As with the www issue, this can hurt your site's performance in the search engines. The proliferation
of BLOGs and other content management systems has brought canonicalization problems to many websites
because those programs routinely create multiple URLs that point to the same content, resulting in
canonicalization issues. The search engines are becoming more adept at detecting and dealing with
the most common canonicalization problems in BLOGs and forums, but it's up to the individual webmaster to take
steps to prevent the problem from arising in the first place. Fortunately, most BLOGs are supported
by a community of talented programmers who have created add-ons for BLOGs that can reduce the number
canonicalization problems.
Ecommerce websites have their own problems with canonicalization. Many shopping
cart programs require users to accept cookies in their browser or they will add what are called
"Session IDs" to every link. Since search engine crawlers don't accept cookies, they have
traditionally avoided crawling any URL that included a Session ID or other user indentification
value. Another place where ecommerce sites can create canonicalization issues is when they use
features like sorting lists of products by price, color, or size, etc. The search engines see these
pages containing nearly identical content and suppress them. Fortunately, two of the major
search engines - Google and Yahoo! - now provide tools for webmasters to manage these problems
involving dynamic URLs. Naturally, you need to register and verify your site in order to use
these tools. Assuming you've already done so, here's how they work:
In Google's Webmaster Tools console, you can tell Google to ignore parameters
in query strings, such as session IDs. Click on "Site Configuration", then "Settings", and
you'll see a section titled, "Parameter Handling". Click on "Adjust parameter settings".

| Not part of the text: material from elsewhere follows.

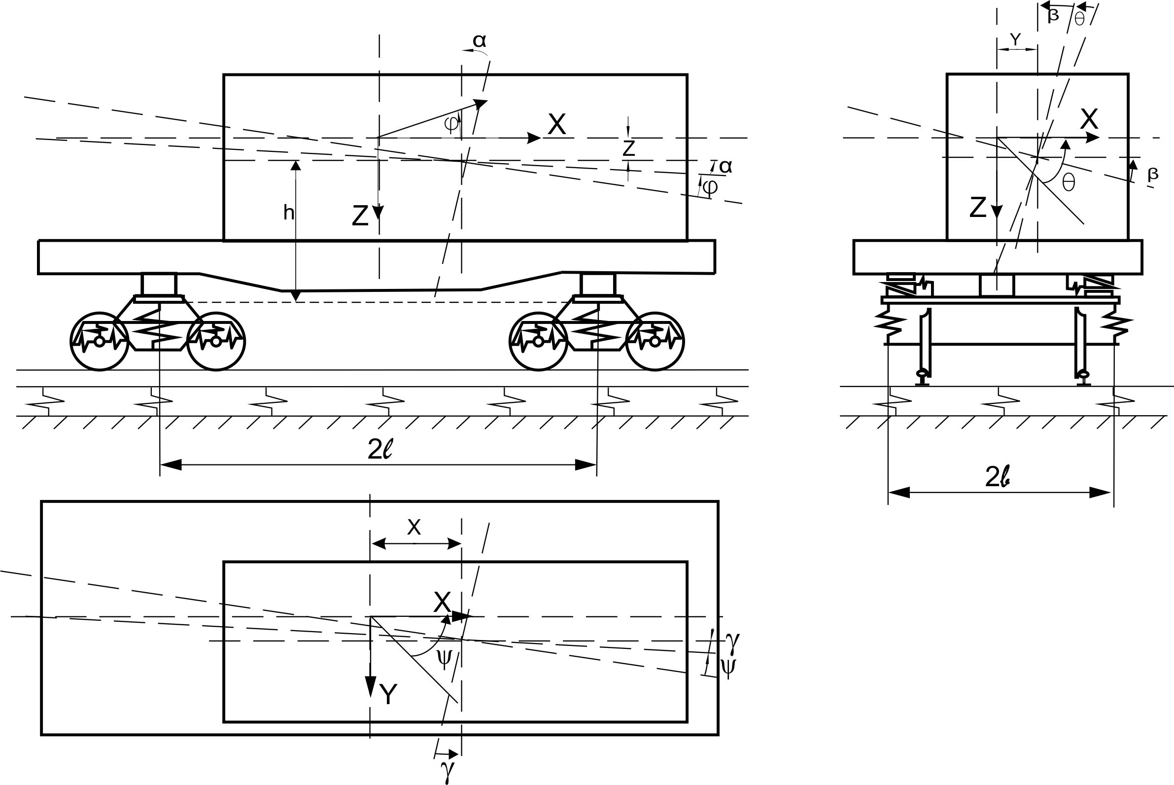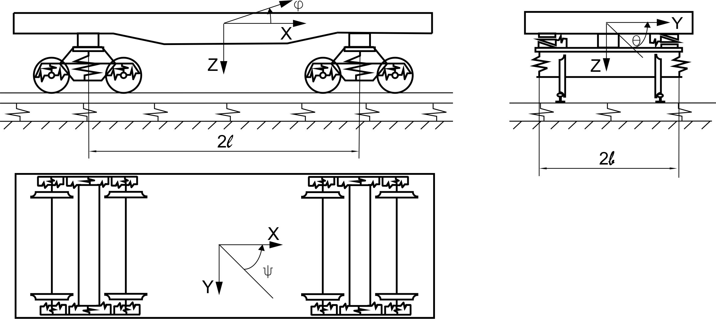The mathematical model describing the spatial oscillations of the coupled wagons in the train (Fig. 2) is proposed in [4], of which one rail vehicle is considered as per the most complete calculation scheme (called «zero»), and the calculation schemes of neighbouring wagons, depending from task setting, are simplified with increasing distance from the «zero» vehicle on both sides.

You'll see a text box labeled "parameter name". Enter the name your site gives to the parameter
for your session ID (for example, osCommerce uses "oscSid"). Then choose "Ignore"

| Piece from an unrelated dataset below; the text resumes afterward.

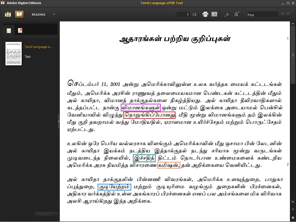 I converted html pages (from project madurai) to epub using sigil then I did embed with SUNDARAM tamil font. This works great on my nook. I was trying to convert tamil pdf into epub using calibre, but the fonts are messed up and I can't see font any more on my system, still I did embed with S08000F0.TTF font that you have used on your test epub, but no success. It'll be a great share if you can explain a bit brief on this issue. |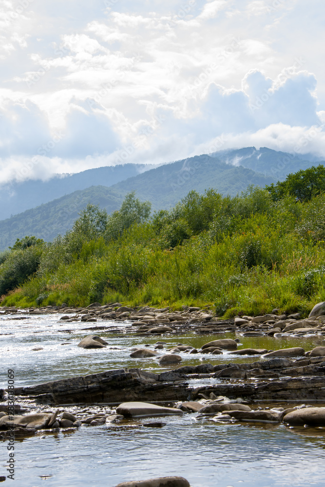 Mountain river with rapids and rifts, slopes with coniferous trees, rocks sticking out of the water

from the drop-down menu titled, "Action". Soon, Google will filter out that parameter
from the URLs for your site, and will start to properly index any URLs that would have caused a
problem in the past.
Yahoo! Site Explorer has a similar
tool. Select your site from the "My Sites" list. Then click on "Actions", followed
by "Dynamic URLs" in the menu on the left. Enter
the parameter name in the appropriate text box, and choose "Remove From URLs". This will
have the same effect as the Google tool. It will begin to filter the named parameter from the URLs
it encounters for your domain.
Repairing Canonicalization Without Redirects
Many webmasters don't have access to server redirect tools like Apache's
.htaccess file, so they can't install conventional redirects to solve canonicalization problems.

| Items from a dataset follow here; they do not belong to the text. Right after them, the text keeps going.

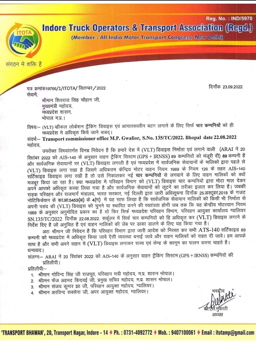 पूरे देश के अंदर ऐसी ATS-140 सर्टिफाइड 89 कंपनियां है लेकिन मध्य प्रदेश के परिवहन विभाग आयुक्त कार्यालय के 22 अगस्त के सर्कुलर से सिर्फ चार कंपनियों को ही व्हीकल लोकेशन ट्रैकिंग डिवाइस व पैनिक बटन लगाने के निर्देश दिए गए हैं। यानि सीधे तौर पर 85 कंपनियों को दरकिनार कर 4 विशेष कंपनियों को ही लाभ पहुंचाया जा रहा है।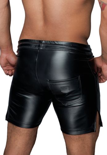 Una longitud muy cómoda para estos pantalones cortos ajustables de piel sintética.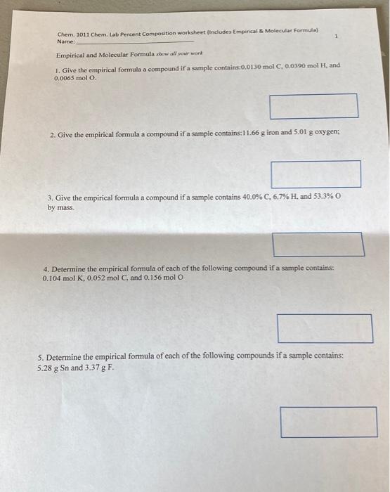 Solved Chem. 1011 Chem. Lab Percent Composition worksheet | Chegg.com

Fortunately, there is a simple alternative.
In February 2009, the major search engines gave all webmasters a very powerful and easy-to-use
method of preventing and repairing canonicalization tools. The four largest search engines:
Google, Yahoo!, MSN, and Ask.com have all agreed to support a new canonicalization attribute for
the <link> tag that goes in the <head> section of your HTML documents. The syntax is
as follows:
<link rel="canonical" href="http://www.yoursite.com/" />
This tag will be used as "a very strong hint" in determining the canonical version of
a URL within a single domain. It is treated as a 301 redirect for such purposes. For more information, see
the Google Webmaster Blog post:
Specify Your Canonical, and Matt Cutts' article:
Learn About The Canonical Link Element in 5 Minutes. Both are well worth reading, but Matt Cutts really
explains the impact on rankings and ideas for when it's appropriate to take action.
Site owners who operate multiple websites for a single company or organization
face the issue of the best way to deal with duplicate content on pages that contain information like
contact details or terms of use that are common to all of their websites. Overall, there is no reason
to worry about duplicate content for these pages since they are rarely pages that need to rank well.
You should simply provide a clear navigation path for users who are looking for such information in
the normal design of your website, and let your other pages carry the burden for ranking issues.